His words strike a nerve, but I do my best to remain calm. If my parents taught me anything, it’s to show respect to those around you. But, fucking hell, this man is making it hard.

“What are you getting at, sir?” I ask, placing one hand on the banister and leaning slightly on it. “What do NHL statistics and Gemma going to Stanford have to do with each other?”

For a few seconds, he’s quiet. He looks down, bobbing his head like he’s thinking. But when he finally looks up at me, I know he’s about to say something that I don’t want to hear.

“My daughter deserves to follow the dreams she set in place at a young age. And while I’m sure the engineering program is fine in Connecticut, Stanford has always been the goal.” He sets his shoulders back, angling his head upward. “Once you leave for college, she’s going to miss you. She’s going to wonder what you’re doing and who you’re with, and it’ll slowly eat her alive, having to worry so much. You’re too young to weather the storm of a long-distance relationship. And evenif you could withstand it, what would happen then? Should she throw away everything she’d worked for and follow you around?” He gives me a look that’s half sympathetic and half condescending. “Your chances of making it to the NHL are next to nothing, Smith. So, please, don’t ruin my daughter’s future by allowing her to chase yours. Especially when it’s likely a pipe dream.”

His words are like a direct punch to the gut. My body feels as if it were floating because I’m so fucking mad, but I also feel discouraged.

What if he’s right? What if she follows me to college and I never make it pro? Or what if I do make it pro and she is stuck in my shadow? Stanford is all she’s talked about since her parents took her to visit the campus when she was in fifth grade. I could never be selfish enough to take that from her.

“So, what, you’re asking me to … break things off with her?” I can’t look directly at him. “You don’t think that’ll hurt her?”

“As much as it’ll hurt her, it won’t ruin her life,” he says brazenly. “If you care about her at all, you will let her go. Oh, and, Smith?”

Finally, I bring my eyes to his, feeling sick to my stomach.

“You aren’t going to tell her about this little conversation either. Because that party you were at last weekend? Rumor has it, there was weed there. I’m not so sure your hockey coach at Luxton would approve of that.”

“You’re blackmailing me into staying away from your daughter?” I growl low, narrowing my eyes. “Really?”

He takes a step toward me. “Son, one day, you might have a daughter. And when you do, I promise you … you’ll understand.” Reaching out, he pats my shoulder, giving it a squeeze. “Good luck at Luxton. And I really do hope you’re in that five percent, son. I just can’t let my daughter stick around to find out.”

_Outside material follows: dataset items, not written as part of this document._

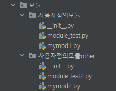 '사용자정의모듈', '사용자정의모듈other' 패키지를 생성한다. '사용자정의모듈' 패키지에는 module_tesy.py, mymod1.py 파일을 작성한다. '사용자정의모듈other' 패키지에는 module_test2.py, mymod2.py 파일을 작성한다.
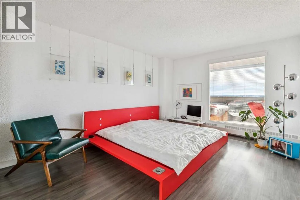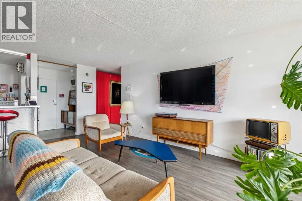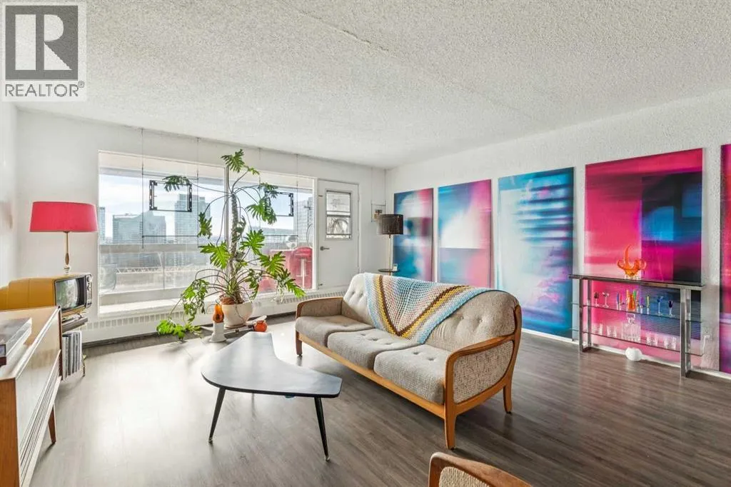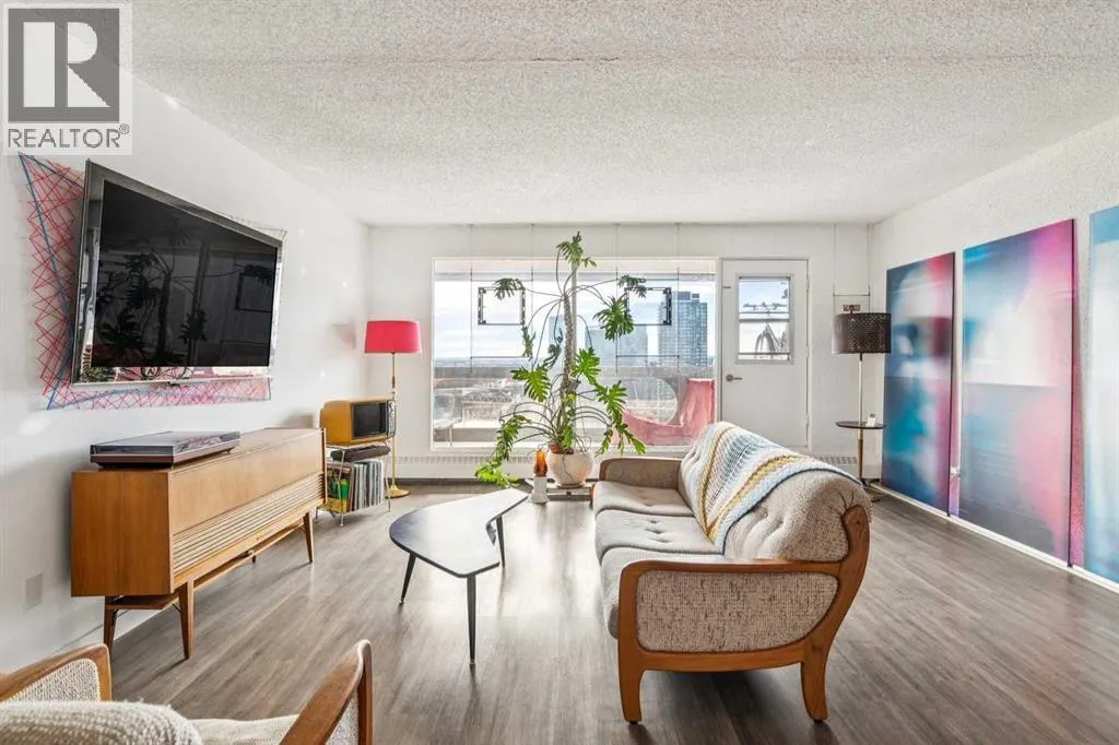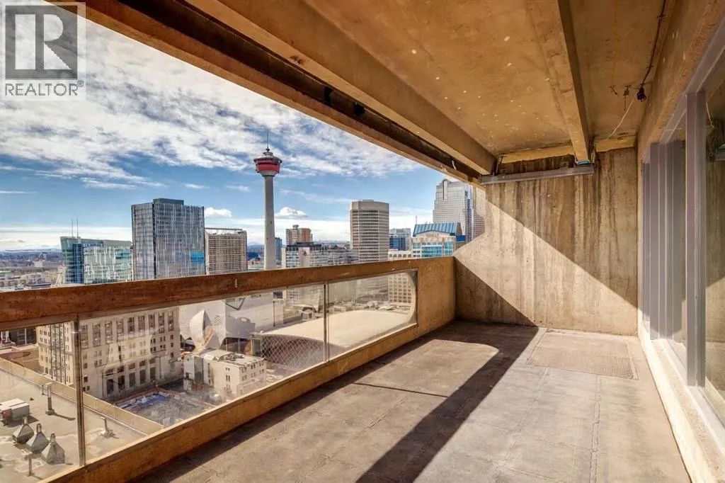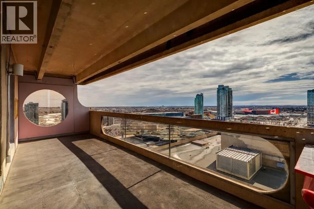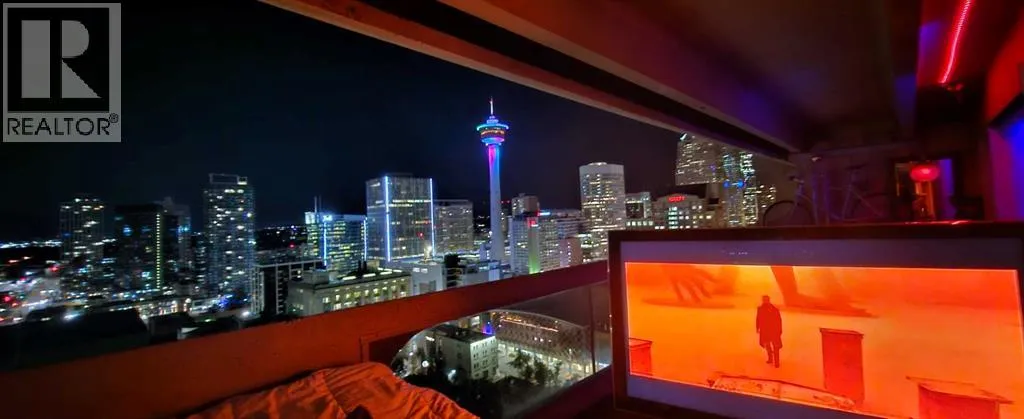 Perched on the "almost" top floor corner, this rare offering delivers unobstructed, panoramic views with a coveted south exposure and an expansive private deckâperfect for taking in Calgaryâs ever-changing skyline. This large one-bedroom unit features polished concrete floors, an updated bathroom, and a minimalist mid-century kitchen that complements the buildingâs striking design. Selected as an inspirational creative space, the home was chosen for its architectural character and truly exceptional vantage points. Wake up to sweeping views of the Rockies visible right from bed, and enjoy the dynamic glow of the Calgary Tower lighting up the night sky without ever lifting your head from the pillow. The southwest exposure showcases peak skyline vistas, while the living room continues the experience with uninterrupted mountain views. One of only three units in the building offering a remarkable 270-degree perspective, the outlook begins with a uniquely framed circular view toward East Village, delivering unforgettable sunrise moments. A secure, heated parking stall is included. Set within a solid concrete buildingâwhere high-floor units like this rarely come to marketâthis home also includes a den or office (currently used as storage), along with free coin laundry conveniently located on the same floor. The building is exceptionally secure and ideally situated next to the U.S. Consulate. An incredible opportunity to own a distinctive, design-forward space with some of the best views in the cityâall at an outstanding price point. (id:27476)
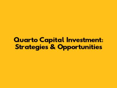 Quarto Capital Investment: Strategies & Opportunities
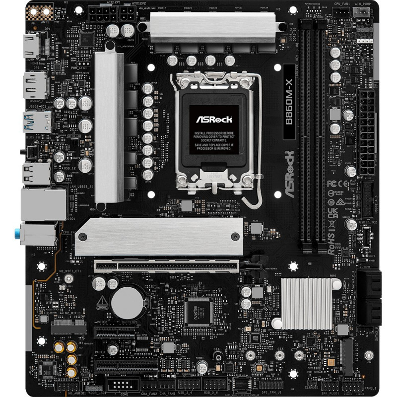 "Asrock B860M-X. Processor manufacturer: Intel, Processor socket: LGA 1851 (Socket V1), Compatible processor series: Intel Core Ultra (Series 2). Supported memory types: DDR5-SDRAM, Maximum internal memory: 128 GB, Memory slots type: DIMM. Supported storage drive interfaces: M.2, SATA III, Supported storage drive types: HDD & SSD, RAID levels: 0, 1, 5, 10. Ethernet interface type: 2.5 Gigabit Ethernet, LAN controller: Dragon RTL8125BG. Component for: PC, Motherboard form factor: micro ATX, Motherboard chipset family: Intel"\n"X Series motherboard offers a compact, high-value solution, balancing performance, versatility, and reliability for both professional and daily tasks.
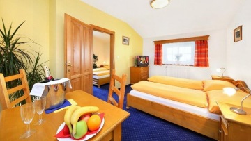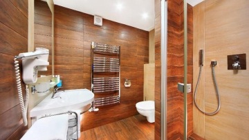 Vybavení pokojů: dřevěný nábytek, psací stolek, TV se satelitem, trezor, prostorná luxusní koupelna se sprchovým koutem a sociálním zařízením
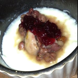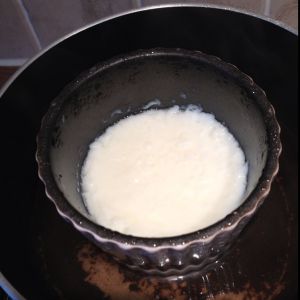 把搅匀的蛋奶液倒回存有奶皮的碗里,放到锅里隔水炖或蒸10分钟。

“I’ll leave her alone,” I utter, feeling my heart pumping with anger. “But it’s not because you’re a coward and blackmailing me. It’s because, more than anything, I want her to chase her dreams too.”

“Good,” he mumbles.

When he walks away from me, every bit of air leaves my lungs because I know what I have to do and it’s going to fucking hurt both of us.

A Few Days Later

After pulling on some clothes, I walk toward the window and drag in a breath, feeling like something isn’t right. And I feel this way because it’s the truth.

Drawing back the curtain, I peer across the street at the Sawyer’s house as I brush my damp hair with my free hand. Smith’s truck isn’t parked out front, but I suppose it could be in the garage.

For nearly two full days, he’s avoided me. Which is the opposite of how he was for weeks prior, when we were practically inseparable. With each passing day, he makes an excuse as to why we can’t hang out … and it’s a day closer to when he leaves for college and begins his hockey training in Connecticut.

I can’t stop myself from thinking it’s my fault that he’s ghosting me. I blurted out the wordsI love you, and he didn’t even say them back.